Field of Science

Taxon of the Week: Give Us a Kiss!



The fish genus Lethrinus is found in tropical waters of the Indian and western Pacific Oceans, with a single species making an incursion into the eastern Atlantic. The group is commonly known as emperors, though I have heard people here in Australia refer to them as snappers, a confusing piece of terminology for me because they are quite different fish from the one I knew in New Zealand as snapper*. The prominent lips in Lethrinus adults, often a different colour from the surrounding face, have given at least one species the memorable name of "sweetlips" (image above of Lethrinus harak, from Wikimedia). Carpenter & Allen (1989) listed 26 described species and two unnamed species in the genus. One of these undescribed species was named Lethrinus ravus by Carpenter & Randall (2003) (image below of Lethrinus nebulosus from here).



*If you excuse me, I'm just going to have a little rant about the common names of Southern Hemisphere fishes. As with other animals and plants, British settlers in New Zealand and Australia labelled the fish they found in their new country with the names of fish they had been familiar with back in the Old Country. However, when it came to fish the new immigrants seem to have gone to extraordinary lengths to find Northern Hemisphere analogues, with the result that it becomes difficult to see how they ever found a connection. The New Zealand grayling (now unfortunately extinct) was no relation to the Northern Hemisphere grayling. The New Zealand cod is even less like the original. And as I've already indicated, the confusion surrounding the name "snapper" is beyond anyone's ability to sort out. Rant over - please resume normal service.
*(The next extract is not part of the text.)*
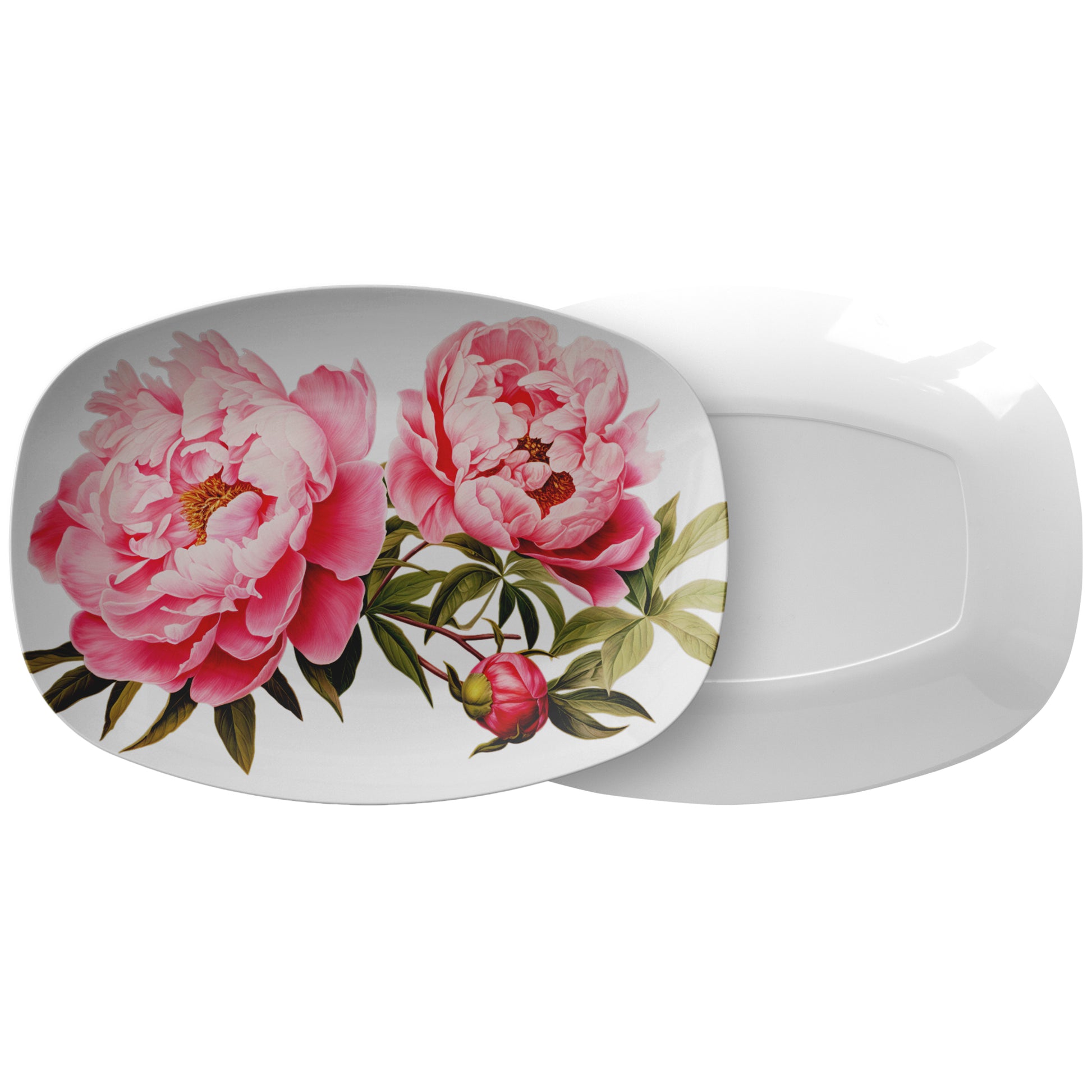 Gorgeous luxury plastic serving platter featuring luscious pink peony flowers. This platter is perfect for showcasing your culinary creations. This will be your go-to indoor-outdoor serving platter for meat and veggies off the grill, appetizers, desserts and more.

Emperors are all predators, but are divisible into three ecological groups (Lo Galbo et al., 2002) - low-bodied stalkers with conical teeth that are active hunters of high-speed invertebrates and small fish, high-bodied benthic feeders with molariform teeth that can feed on shellfish and other hard-shelled invertebrates, and high-bodied species with conical teeth that feed on softer-bodied slow-moving invertebrates. The molecular phylogeny of Lo Galdo et al. (2002) recovered a good correlation between trophic type and phylogeny. The high-bodied conical-tooth form appears to be ancestral, with one species (Lethrinus minatus) sister to all the other species, and one species each low down in the two major clades that the other species fell into. Low body-form and molariform teeth both appeared twice, in each case with one clade containing most of the species showing the novel feature, and a single species appearing to have developed it independently.

Of course, what discussion of tropical reef fishes would be complete without a mention of transexuality? Many species of Lethrinus have been shown to be protogynous hermaphrodites - that is, they reach maturity as females before changing sex at a later date to males (Young & Martin, 1982). The mechanism inducing this change in emperors remains unknown. In other protogynous reef fish species, males may maintain harems of females, the largest of which switches sex if the male is removed for whatever reason, but whether emperors have a similar system has not yet been established.

REFERENCES

Carpenter, K. E., & G. R. Allen. 1989. FAO Species Catalogue vol. 9. Emperor Fishes and Large-eye Breams of the World (Family Lethrinidae): An annotated and illustrated catalogue of lethrinid species known to date. Food and Agriculture Organization of the United Nations.

Carpenter, K. E., & J. E. Randall. 2003. Lethrinus ravus, a new species of emperor fish (Perciformes: Lethrinidae) from the western Pacific and eastern Indian oceans. Zootaxa 240: 1-8.

Lo Galbo, A. M., K. E. Carpenter & D. L. Reed. 2002. Evolution of trophic types in emperor fishes (Lethrinus, Lethrinidae, Percoidei) based on cytochrome b gene sequence variation. Journal of Molecular Evolution 54 (6): 754-762.

Young, P. C., & R. B. Martin. 1982. Evidence for protogynous hermaphroditism in some lethrinid fishes. Journal of Fish Biology 21 (4): 475-484.